Hari ini, tanggal 22 April 2011. Saya menyaksikan lewat dunia maya bagaimana generasi muda Indonesia yang berpikiran terbuka dan berjiwa lapang telah mampu menyikapi perbedaan serta berani mengambil pilihan mereka sendiri. Beragam ucapan “Selamat Paskah” berbentuk SMS, kartu atau lewat kalimat-kalimat di facebook dan twitter disampaikan tidak hanya dari seorang penganut Kristen yang satu kepada yang lain. Bahkan mereka yang non-Kristen pun turut mengirimkan salam kesejahteraan tersebut.

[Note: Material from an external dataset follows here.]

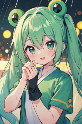 An image captured with the Tamron SP 45mm F1.8 Di VC USD lens. An upper body portrait of a happy anime Girl (2023s style) wearing a frog costume and making cute pose. vivid bokeh lighting and rain --ar 3:2 --niji 5green hair long wavy hair twintails.hairs between eyes,green eyes ,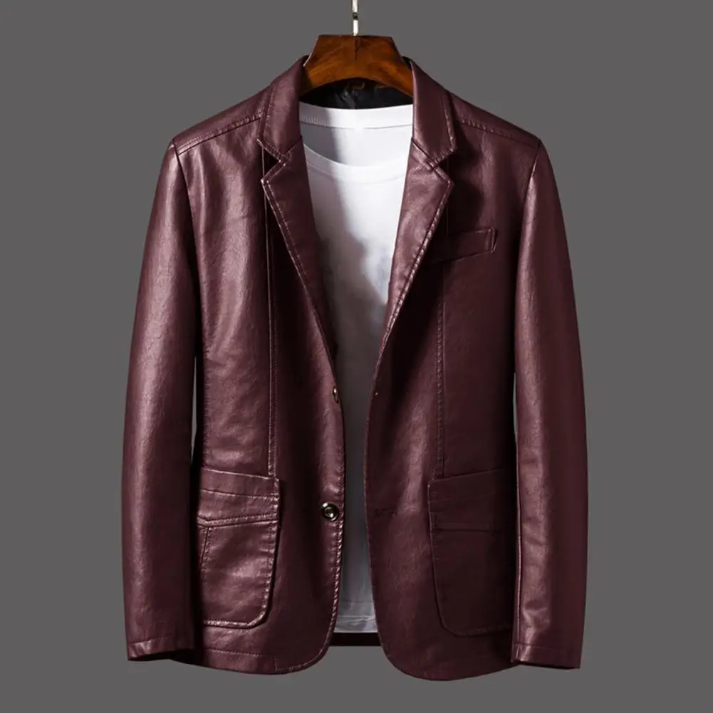 Мужская кожаная куртка с отложным воротником, однотонный кардиган из искусственной кожи, деловая куртка для встреч, однотонный цвет

Indonesia, negri yang bermoto “Bhinneka Tunggal Ika” (versi lain dari U Pluribus Unum-nya Amerika Serikat) menjamin kebebasan bagi setiap warganya untuk beribadah sesuai agama dan kepercayaan masing-masing. Jaminan tersebut tertuang di dalam pasal 29 UUD 1945 (Konstitusi Dasar Indonesia). Jika secara legal negara menghargai setiap kepercayaan yang dianut oleh penduduknya, membiarkan mereka beribadah dan beraktifitas, maka kini giliran masyarakat Indonesia itu sendiri untuk memahami substansi dari pasal 29 serta pengaplikasiannya pada kehidupan sehari-hari. Dua agama Ibrahim yang hidup berdampingan di Indonesia ini harus memberi contoh pada dunia akan arti penting toleransi melalui perbuatan nyata. Momentum kelahiran maupun peristiwa yang dialami sosok yang dianggap penting di tradisi kedua agama ini adalah saat tepat bagi kita untuk belajar.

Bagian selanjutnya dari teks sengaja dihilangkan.